START DATA IN THIS EXERCISE
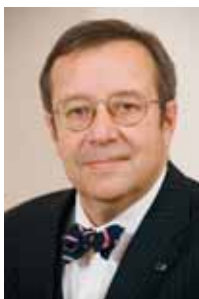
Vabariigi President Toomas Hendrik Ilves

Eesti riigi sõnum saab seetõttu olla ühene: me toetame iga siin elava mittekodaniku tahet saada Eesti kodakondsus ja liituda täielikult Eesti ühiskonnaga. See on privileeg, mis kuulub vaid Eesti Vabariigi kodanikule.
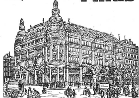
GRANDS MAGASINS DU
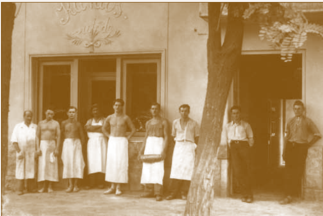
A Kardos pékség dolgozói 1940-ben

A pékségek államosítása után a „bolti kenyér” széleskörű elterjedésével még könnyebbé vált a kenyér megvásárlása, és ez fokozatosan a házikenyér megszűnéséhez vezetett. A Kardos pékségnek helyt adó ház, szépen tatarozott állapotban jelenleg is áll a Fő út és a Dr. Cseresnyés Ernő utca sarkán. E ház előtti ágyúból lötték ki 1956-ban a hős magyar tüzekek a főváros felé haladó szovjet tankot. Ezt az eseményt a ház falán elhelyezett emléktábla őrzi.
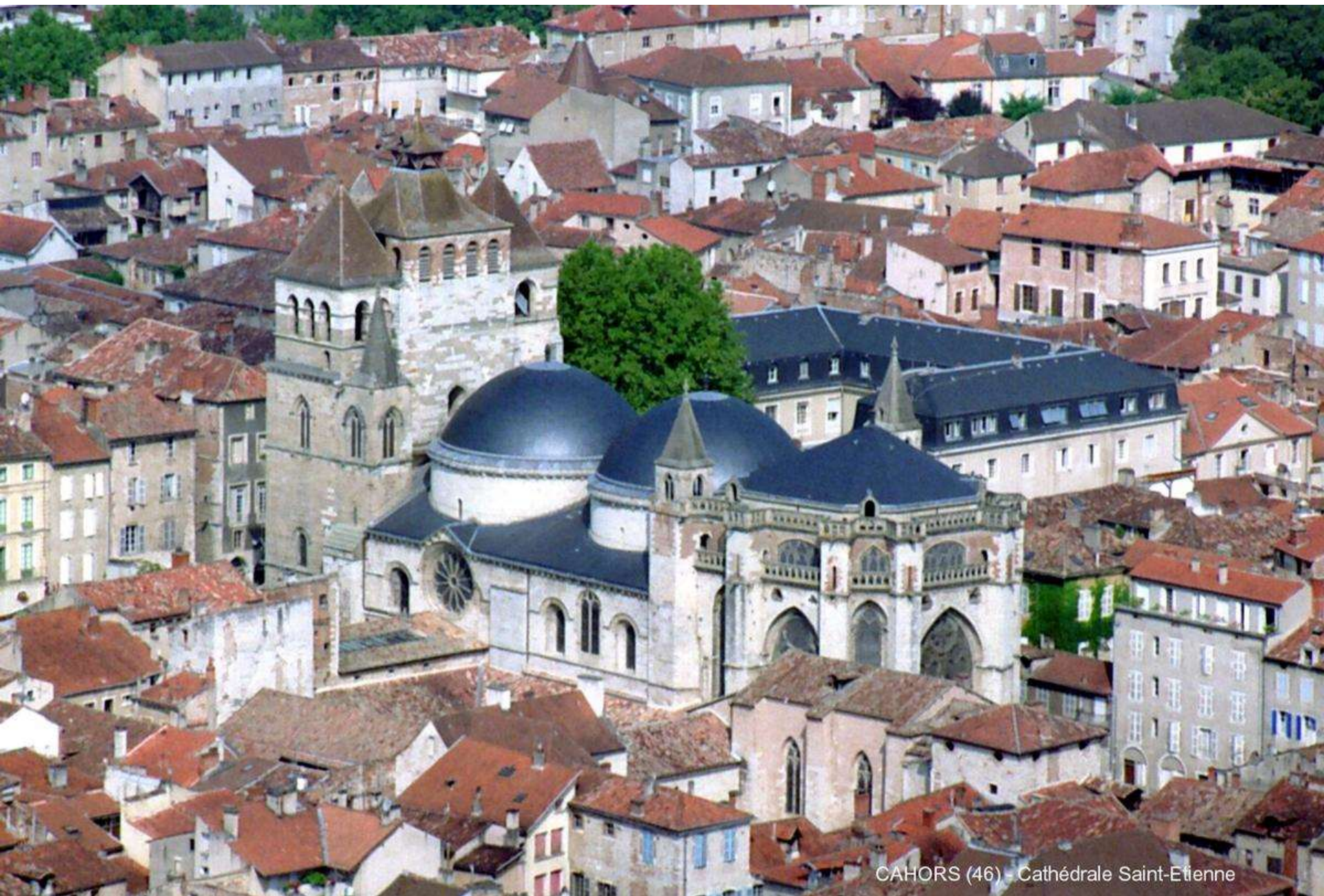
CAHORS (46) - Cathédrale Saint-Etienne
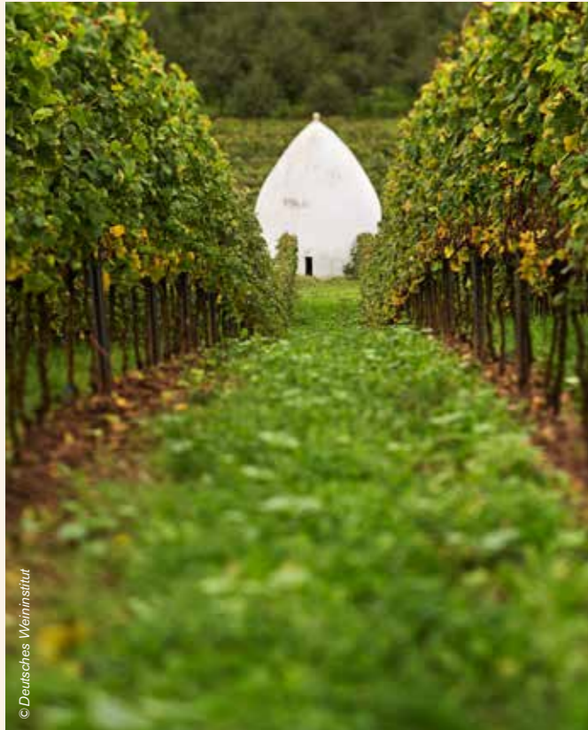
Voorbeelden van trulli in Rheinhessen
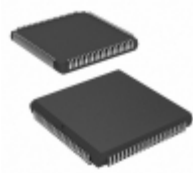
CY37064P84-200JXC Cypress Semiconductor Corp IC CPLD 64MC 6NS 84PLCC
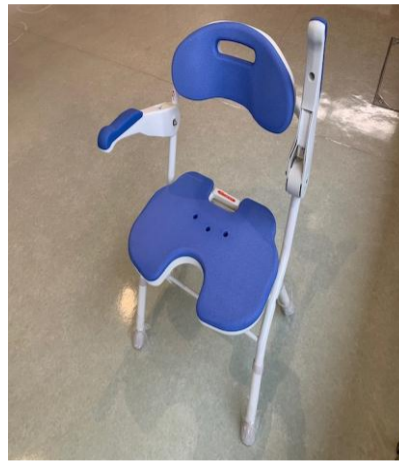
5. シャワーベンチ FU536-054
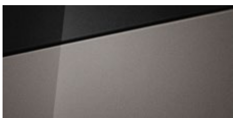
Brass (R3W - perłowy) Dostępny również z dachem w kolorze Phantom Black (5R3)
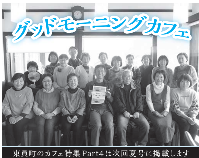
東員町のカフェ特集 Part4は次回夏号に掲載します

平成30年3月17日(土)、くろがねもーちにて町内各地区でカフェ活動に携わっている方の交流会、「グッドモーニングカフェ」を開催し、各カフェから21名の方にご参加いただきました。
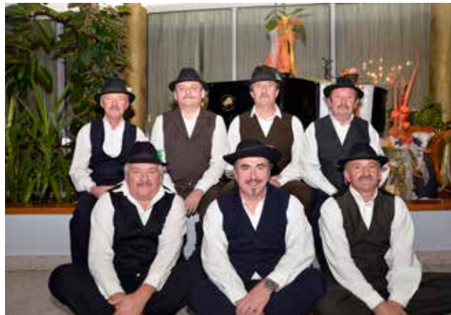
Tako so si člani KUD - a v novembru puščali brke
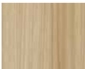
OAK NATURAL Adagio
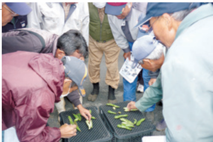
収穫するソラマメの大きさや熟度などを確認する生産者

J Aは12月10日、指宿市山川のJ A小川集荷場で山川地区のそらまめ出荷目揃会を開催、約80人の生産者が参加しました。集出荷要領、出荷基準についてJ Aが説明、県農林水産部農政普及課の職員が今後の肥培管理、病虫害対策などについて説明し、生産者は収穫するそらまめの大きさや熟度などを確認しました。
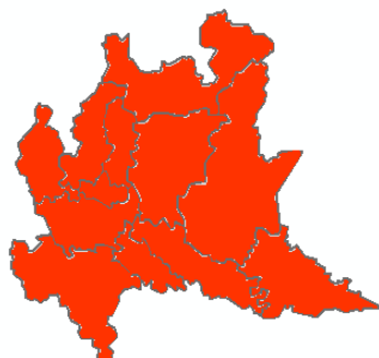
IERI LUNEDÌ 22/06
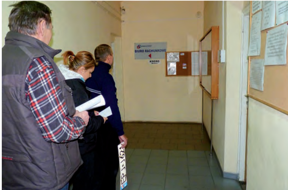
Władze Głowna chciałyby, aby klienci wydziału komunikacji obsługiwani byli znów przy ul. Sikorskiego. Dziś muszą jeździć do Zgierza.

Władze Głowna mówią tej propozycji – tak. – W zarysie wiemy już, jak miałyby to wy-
END DATA IN THIS EXERCISE
### WORK INSTRUCTION
Could you repeat, exactly, only the lines above starting at the one that has "GRANDS MAGASINS DU" and stopping after the one that has "A Kardos pékség dolgozói 1940-ben", without the pictures?

### TASK SOLUTION
GRANDS MAGASINS DU
A Kardos pékség dolgozói 1940-ben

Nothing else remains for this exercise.